Ms Asghar said: “Once things start reopening, those people are going to need their operations more so than ever because they’ve spent a year at home in pain or suffering or just waiting for that appointment.”
She raised concerns over the doctors and nurses becoming “even more overburdened than they were during Covid”.
“I’d like to work with the health boards quite closely to ensure that their wellbeing is taken care of to the best of everyone’s ability because without them we are nothing,” she said.
Regeneration is another issue Ms Asghar says she wants to address.
She said: “When I was growing up, I used to love going to the town centre.

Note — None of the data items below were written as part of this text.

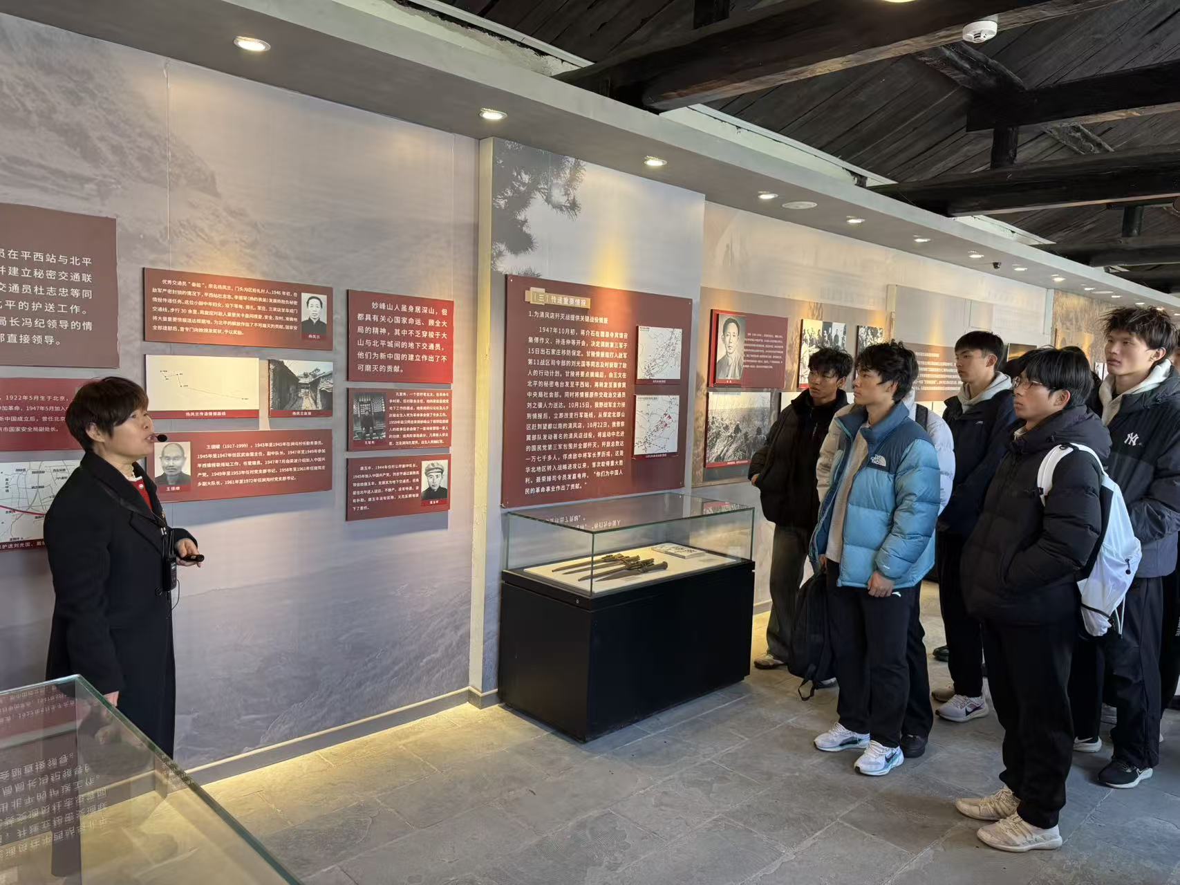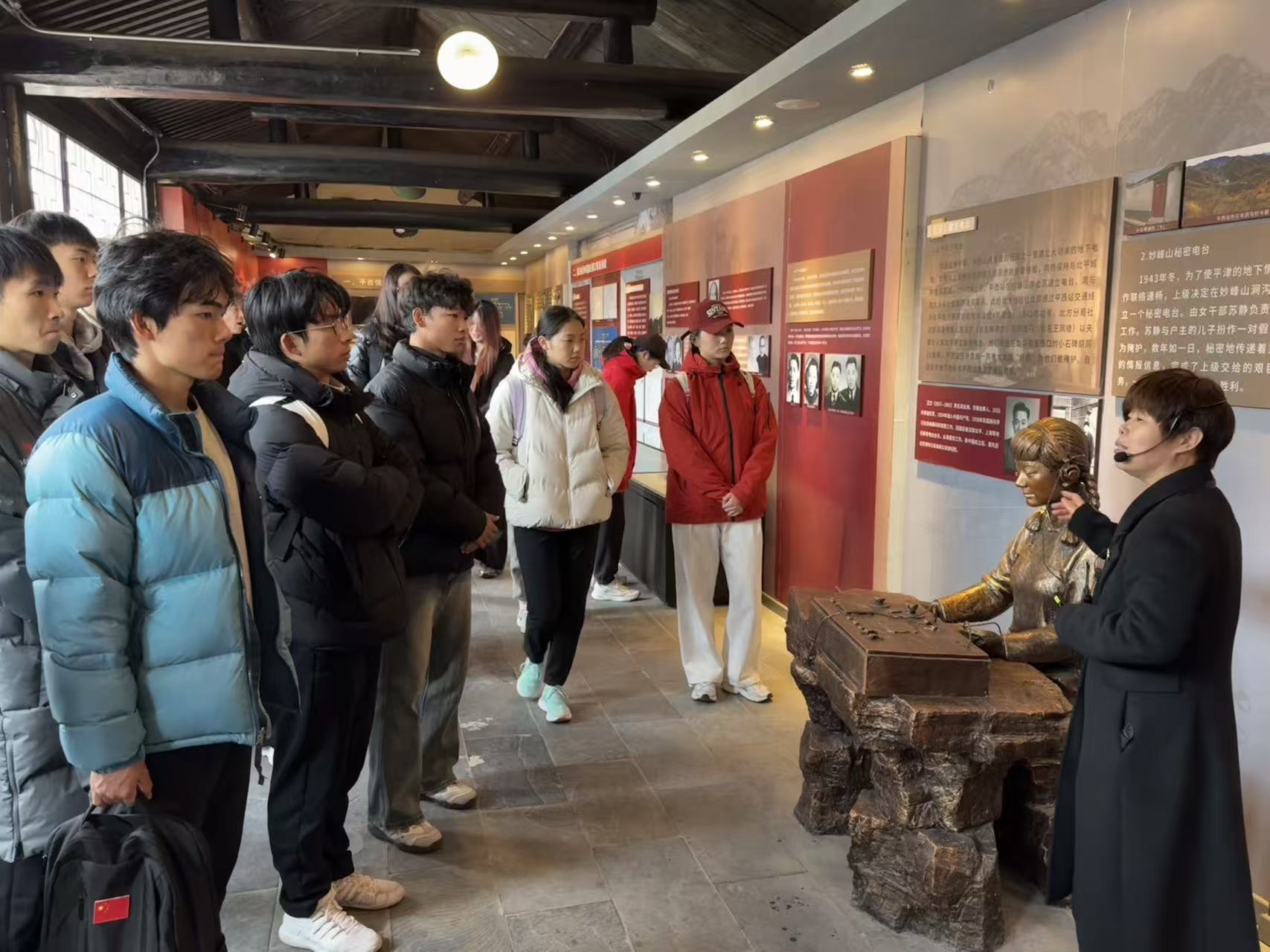 随后参观了平西情报联络站纪念馆。平西情报联络站始建于抗日战争时期,是连接北平与抗日根据地的重要秘密通道,曾传递了大量重要情报,为平西抗日根据地的巩固和发展作出了重大贡献。同学们在陈列的文物与史料面前认真聆听,深入了解了革命战争时期情报工作的艰险与智慧。
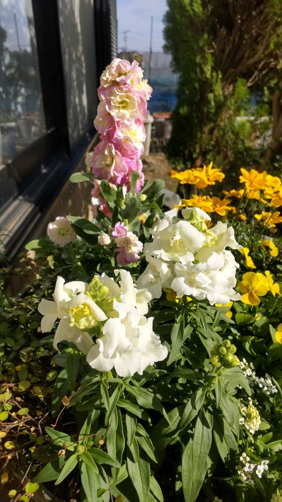 寄せ植えの✨☀️✨キンギョソウと八重のストック、はなびらが増えてきました。
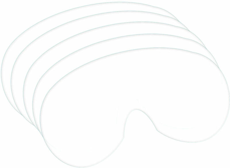 1 mm vastag, víztiszta polikarbonát kétoldali védőfóliával, ötpontos illeszkedés a homlok- (60700) és sisakpánthoz (60705, 60707, GAN65755), 60710: 430×195 mm látómező
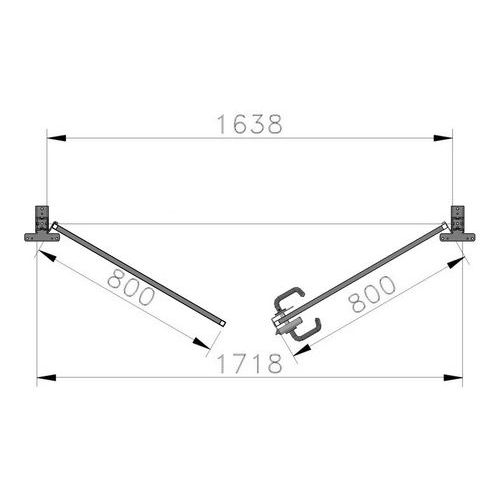 W zestawie znajduje się 2x słupek, 2x podstawa słupka, 2x ogrodzenie ochronne, 1x zestaw okuć, 1x podpora poprzeczna, 1x zamek cylindryczny oraz elementy montażowo-mocujące.

Newport town centre was a thriving place and we had so many great shops to go to.
“People would come from Cwmbran, Torfaen, Islwyn – all across the region – to shop in Newport because we had opportunities there.
“It was really lovely and a safe place to be but now when I go to the high street, honestly, it breaks my heart.”
She blamed the pandemic for “wreaking havoc” and said: “A lot of the things that I had the privilege of growing up with in Newport, other people won’t have that”.
“I really want to see South East Wales thrive. I really want to see the economy here booming through and through.
“Not just from shops but from tourism, from transport, from every aspect and that’s what I want to do.”